Acceptable if strength is ensured even with low elastic modulus

Enables designs that bend without breaking

6. Points for Designers to Note

Introduction of Safety Factors

Strength must be assessed not just theoretically, but with safety factors accounting for environmental and manufacturing tolerances. Example: Typically 2.0–3.0 in mechanical design.

Verification of Material Test Data

CAE input values often depend on actual production batches and molding conditions, not catalogue values. Plastics, in particular, exhibit significant temperature dependence.

Consideration of Stress Concentration

Design strength assumes uniform stress distribution, but stress concentration occurs in reality at ribs, holes, and corners. Verifying localised stresses via CAE analysis is crucial.

7. Summary

The elastic modulus represents “resistance to deformation (stiffness)”.

Strength represents “the limit before failure”.

These are independent metrics, yet are always used together in product design and CAE analysis.

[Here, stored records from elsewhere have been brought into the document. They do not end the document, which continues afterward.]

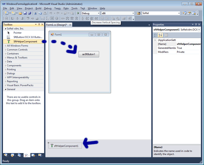 In order to be able to use .NET images, color and font properties, a small helper component must be added to each project that uses SftButton/OCX. This helper component assists in to converting OLE types to .NET types.
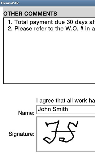 - Forms can contain Signature panels, so you will capture customers signature directly on mobile device;
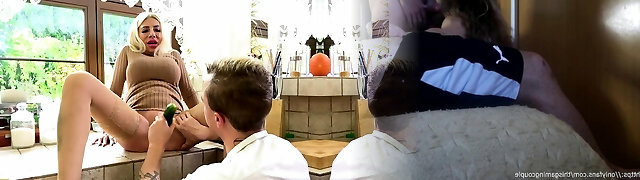 Bbw family friend goes to the kitchen
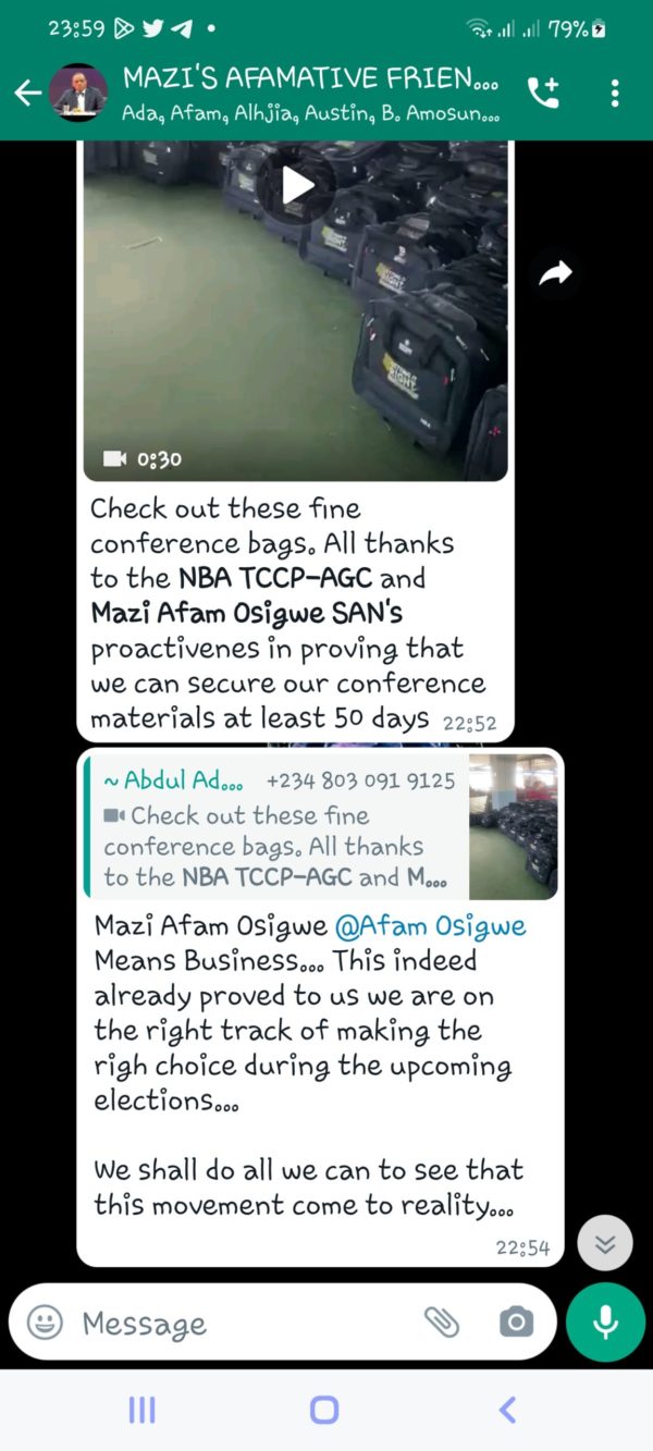 A viral Video on Lawyers Whatsapp groups and a message accompanying it reveals that for the first time in Nigerian Bar Association’s history, the NBA AGC Conference materials are ready 50 days to the commencement of the Conference.
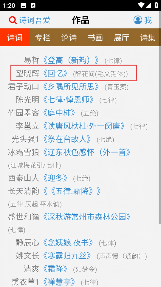 2、在作品列表页,点击目标作品,可进入该诗词的详情页面。
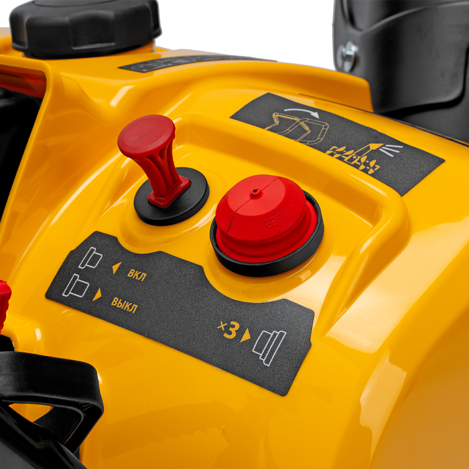 - Удобное управление — широкая рукоятка ручного старта облегчает запуск двигателя, для регулировки угла поворота желоба не нужно наклоняться.
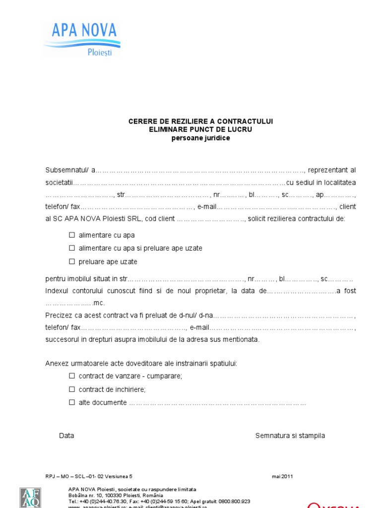 Cerere Reziliere Contract Persoane Juridice
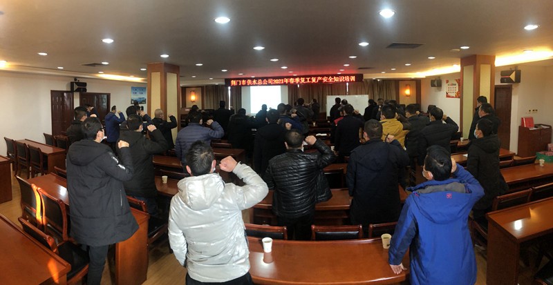 荆门供水作为行业的标杆企业,安全生产是重中之重,为积极营造安全生产氛围,提高施工人员的安全防范意识,争取做到“防患于未然”,以危险源辨识为源头,以安全生产培训教育为保障,以创建隐患“零”容忍,操作“零”违章活动手段,实现安全“零”伤害目标,全面打响节后安全生产战役。
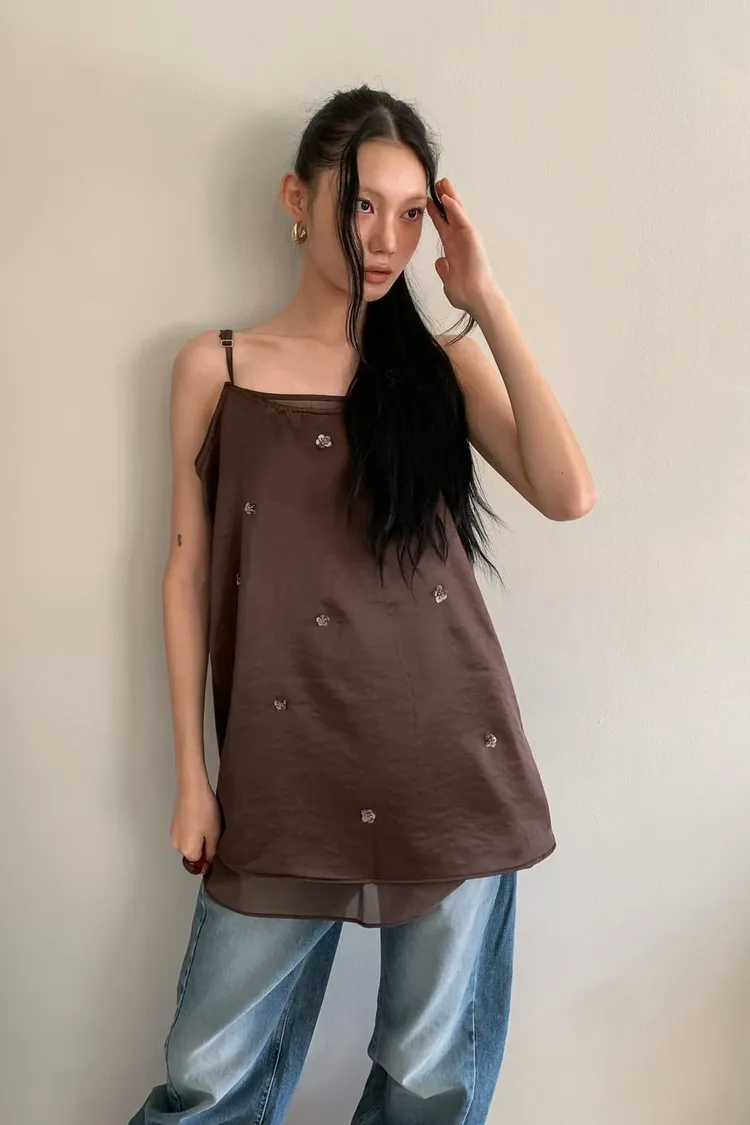 花瓣鑽雪紡背心
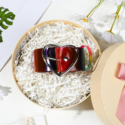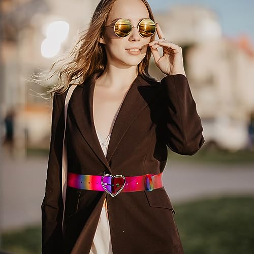 TXIN Fashion Rainbow Belt with Heart Buckle for Women Girls, Wide PVC Waist Belt Punk Waist Band Strap for Dress Jeans 5
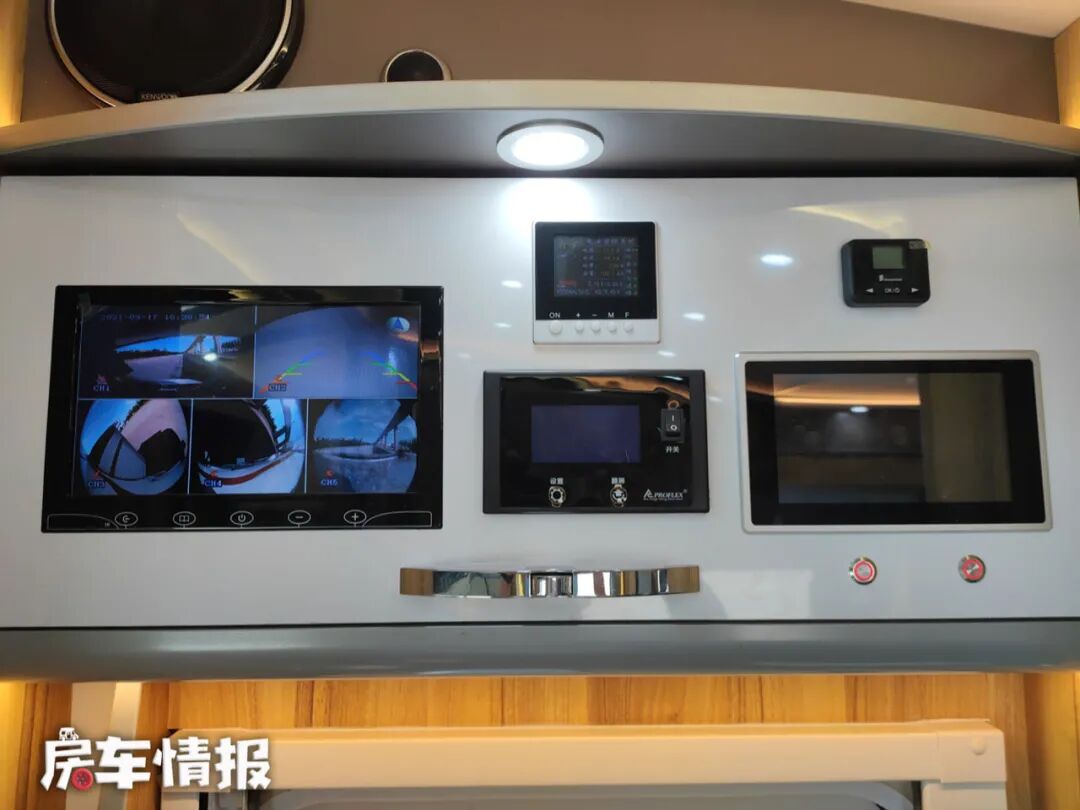 在电路上,这款房车搭载了一台3000W的逆变器,提供1000Ah的锂电池,同时在顶部还配备了600W的太阳能电池板,水路上则提供了200L的净水箱和70L的灰水箱。
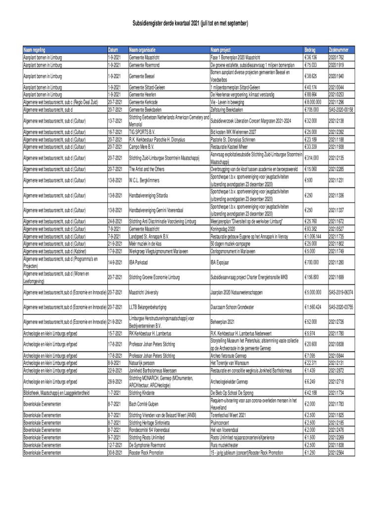 Subsidieregister Verde quarter 2021 (July tot en met September)Nam reeling
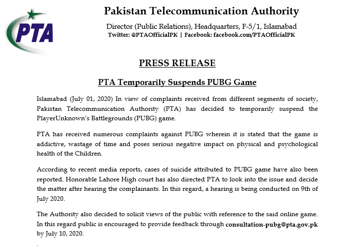 PTA has also urged people to share their opinion and give their feedback on the issue at consultation-pubg@pta.gov.pk by July 10, 2020.
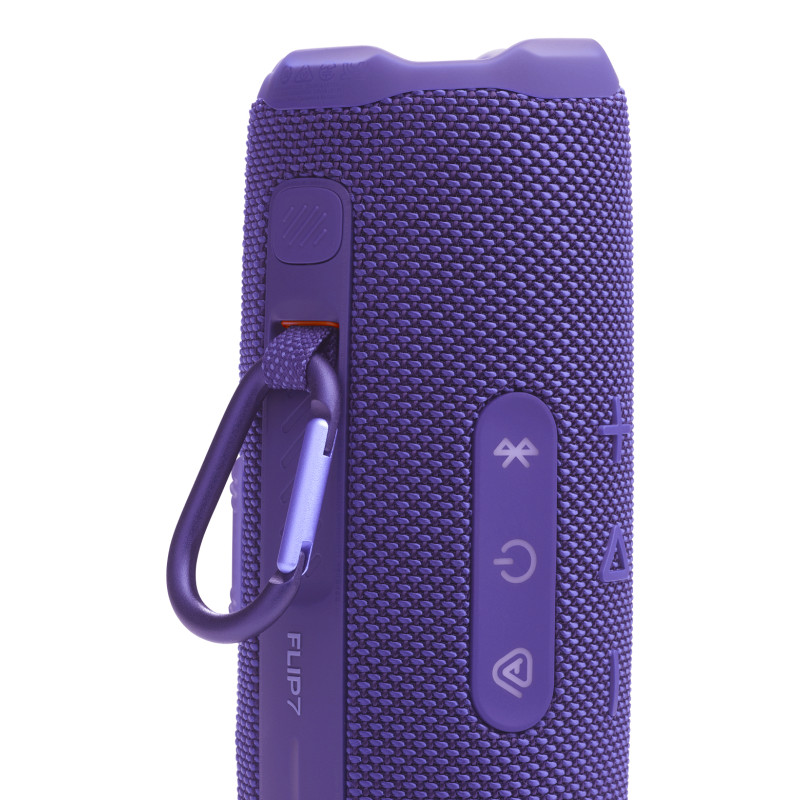 JBL Flip 7. Type d'écouteurs: 2-voies, Diamètre de haut parleur aigu (impérial): 1,52 cm (0.6"), Diamètre de haut parleur aigu: 1,6 cm. Puissance en RMS du woofer: 25 W, Puissance en RMS du tweeter: 10 W, Gamme de fréquence: 60 - 20000 Hz. Technologie de connectivité: Sans fil, Profils Bluetooth: A2DP, AVRCP, Connecteur USB: USB Type-C. Couleur du produit: Violet, Conception du produit: Cylindre, Commande de volume: Boutons. Utilisation recommandée: Universel
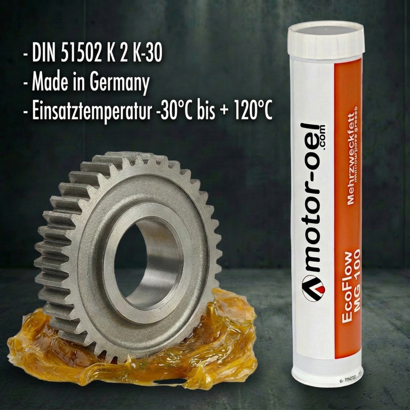 - Temperaturbereich: Einsetzbar von −30°C bis +120°C, Tropfpunkt bei 190°C
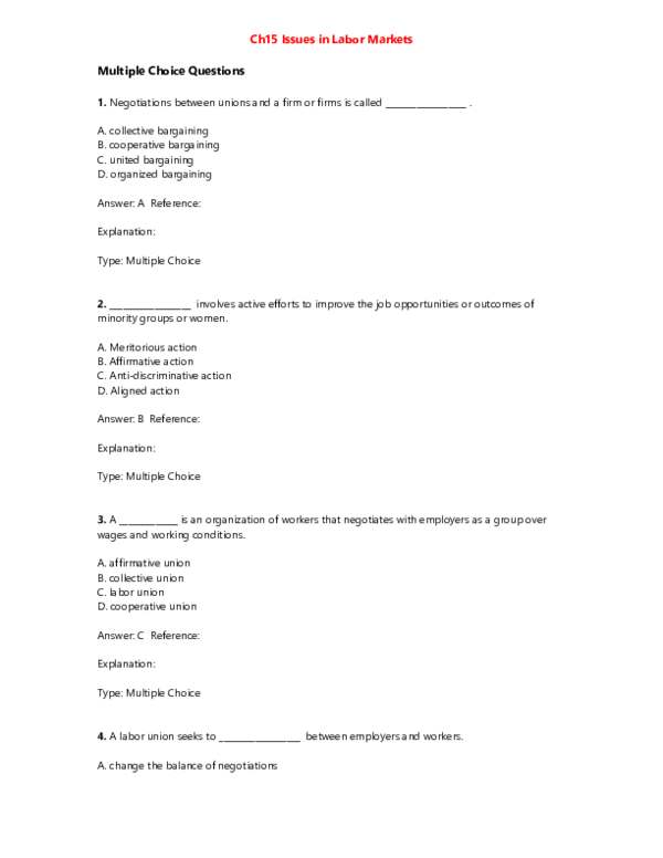 Doc Ch15 Issues In Labor Markets Multiple Choice Questions Rodrigo Marques Perdigao Academia Edu
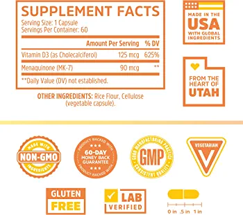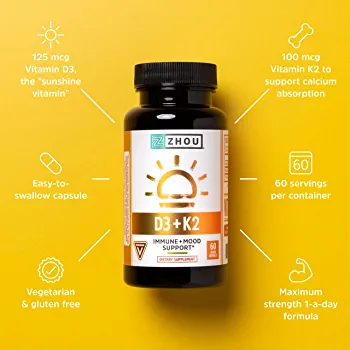 | nameOriginal | Zhou Nutrition Vitamin D3 K2, Bone and Heart Health Formula 5000 IU Vitamin D3 & 100 mcg Vitamin K2, Max Strength 2 in 1 Immune Support and Calcium Absorption, Gluten Free, 60 Count |
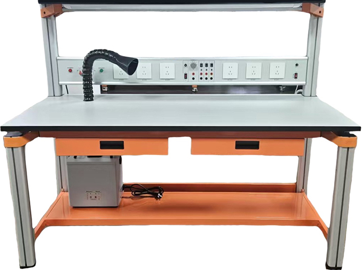 电子基本技能实训考核装置由仪器架、电源控制箱、实验桌、焊锡烟雾净化机、学生凳等组成。实验装置支架与实验桌可组合、可拆装。支架与桌脚一体,铝合金结构。
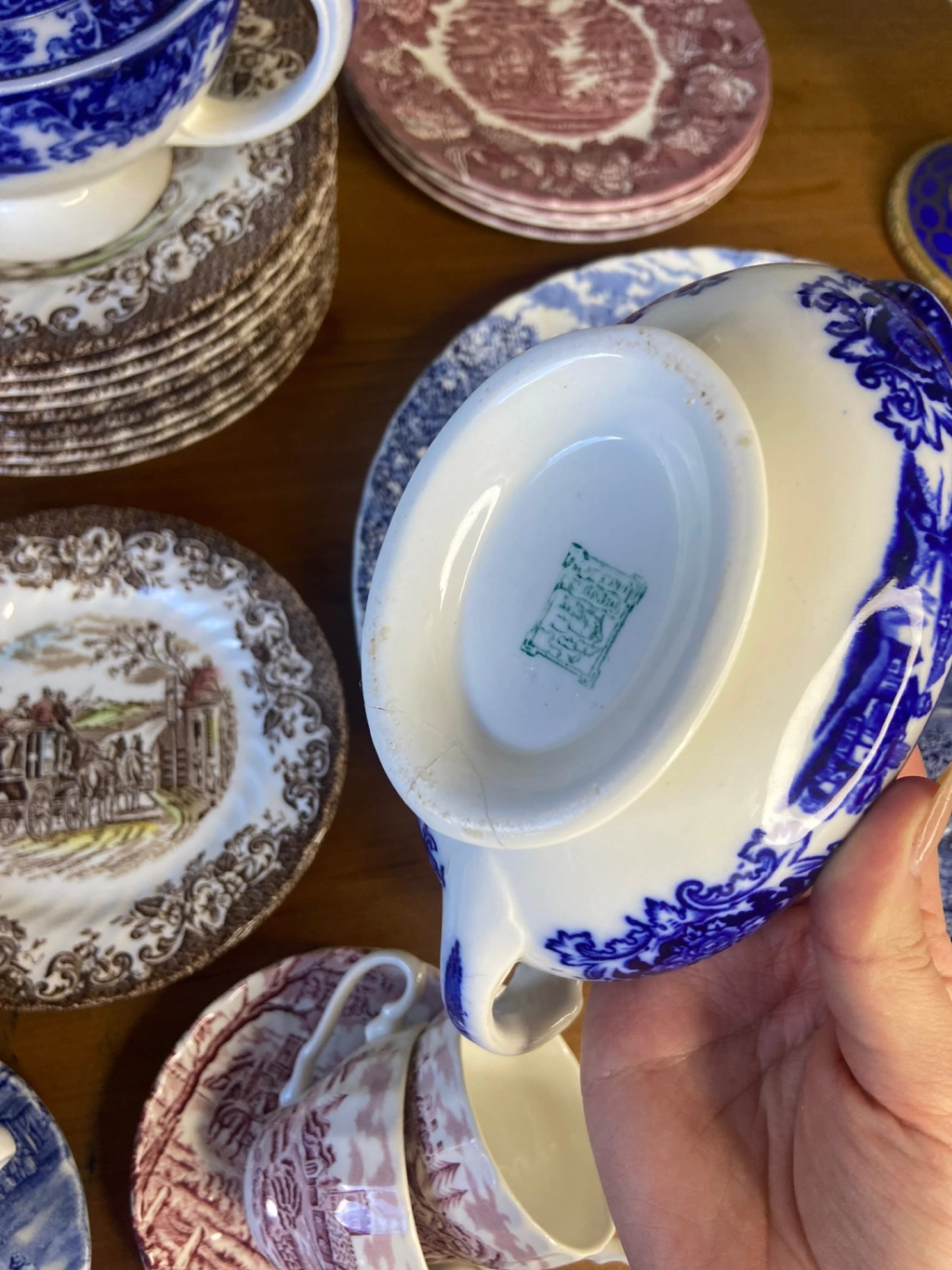 Séc XIX -(1890)- GRINDLEY ENGLAND- Rara molheira de coleção , INGLESA, em faiança " BORRÃO AZUL" ricamente adornada com cena de épica em reserva realçada por folhagens,flores, arabescos e perolados. Med 9 cm de alt x 18 cm de larg
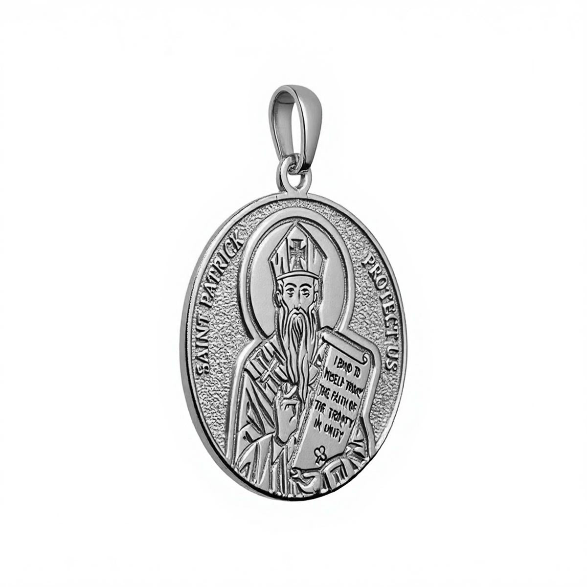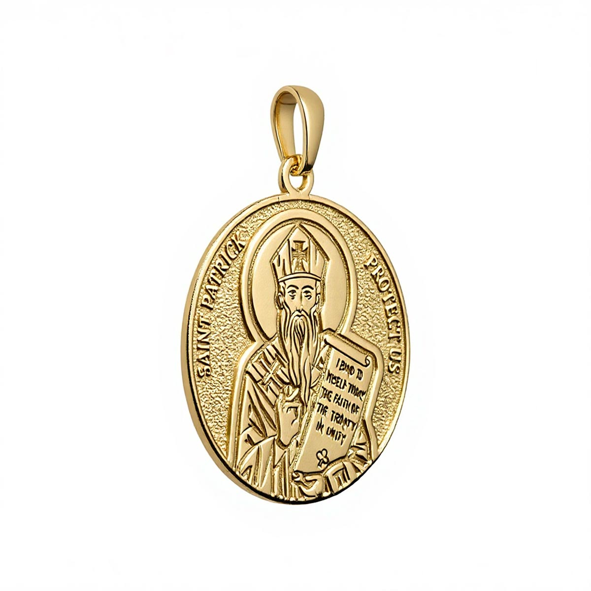 The Saint Patrick Round Religious Medal is a remarkable piece of jewelry available in solid gold or sterling silver. It features the image of Saint Patrick, the patron saint of Ireland, with the words "Saint Patrick Pray For Us" delicately carved into a round medal. This religious medal is perfect for those celebrating Irish heritage, carrying a symbol of faith and culture. With its intricate details and impeccable finishing, this medal is a timeless and inspiring accessory meant to uplift and empower the wearer.

During the design phase, a two-step approach is essential: “verify deformation using the elastic modulus” and “verify failure using strength”.

Appropriate material selection and the introduction of a safety factor enable safe and efficient design.

Elastic modulus and strength are fundamental elements of design. Understanding and correctly applying these enables design optimisation, weight reduction, and enhanced safety through the use of CAE.